● Task
All that is wanted is the exact lines from the first line of the data below through the line with "Ilustracja przedstawia przemienionego", both ends included, with pictures omitted.

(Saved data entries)
________________

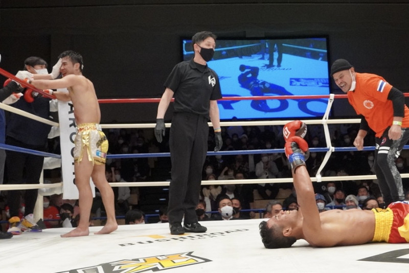 小笠原(左)が手当を受ける、チャーパヤック(右)が仰向けになって勝利を喜ぶ
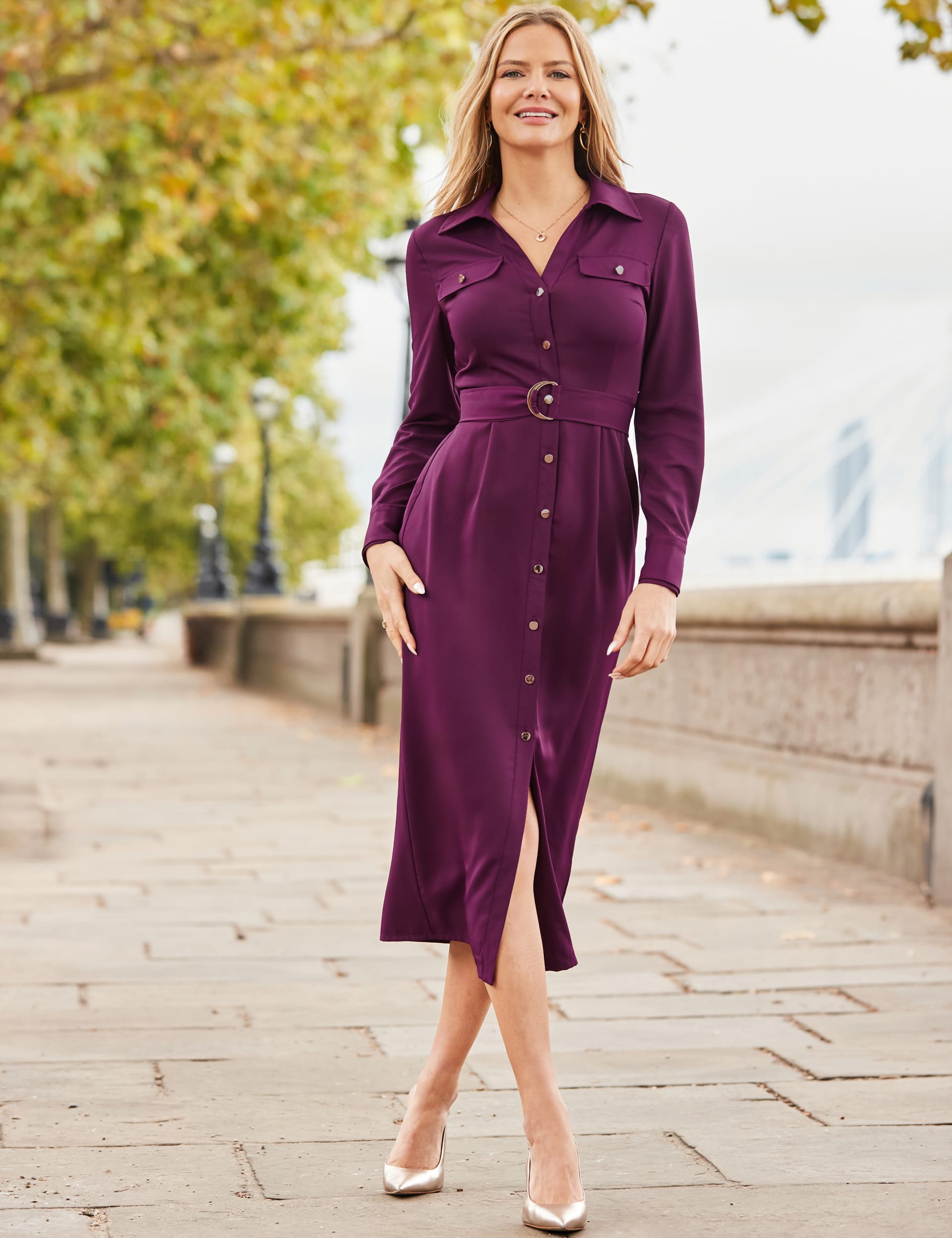 Petite Pleat Front Belted Tailored Midi Dress Very well made.
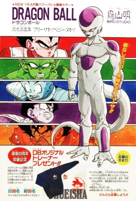 Ilustracja przedstawia przemienionego Freezę – naprzeciw piątki wojowników. Zastosowanie odrębnych, symbolicznych kolorów dla każdej postaci potęguje wyrazistość tej dramatycznej sceny.
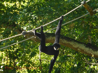 Ils sont de 2 sortes à la Vallée des singes : les Gibbons à favoris blancs et les Gibbons à bonnet.
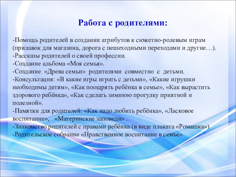 -Консультация: «В какие игры играть с детьми», «Какие игрушки необходимы детям», «Как поощрять ребёнка в семье», «Как вырастить здорового ребёнка», «Как сделать зимнюю прогулку приятной и полезной».
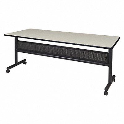 Mobile Training Table Surface Material Laminated Melamine Rectangle Width 72 in Depth 24 in Height 29 in Tabletop Color Family Woodgrain Tabletop Color Maple Frame Color Black Assembled/Unassembled Unassembled Frame Material Steel Edge Color Black Edge Type T-Molded Leg Type Comfort Leg Top Thickness 1 in Series Kobe Load Rating 175 lb Features Flip Top Standards ANSI/BIFMA Includes (4) Casters Perforated Steel Modesty Panel
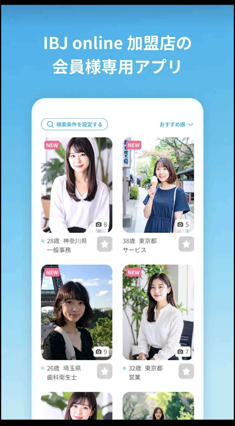 日本最大級のIBJネットワークを活用し、あなたにぴったりのお相手が探せます。
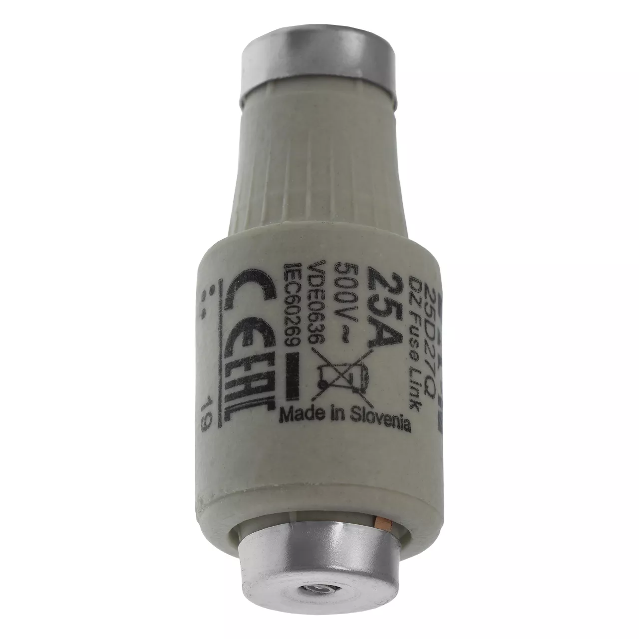 Zekering, zekeringelement, laagspanning, 25 A, AC 500 V, D2, gR, IEC, snel aansprekend, fles, E27, IEC 60269-3, VDE 0636, afschakelvermogen 50 kA

________________

● Expected answer
 小笠原(左)が手当を受ける、チャーパヤック(右)が仰向けになって勝利を喜ぶ
 Petite Pleat Front Belted Tailored Midi Dress Very well made.
 Ilustracja przedstawia przemienionego Freezę – naprzeciw piątki wojowników. Zastosowanie odrębnych, symbolicznych kolorów dla każdej postaci potęguje wyrazistość tej dramatycznej sceny.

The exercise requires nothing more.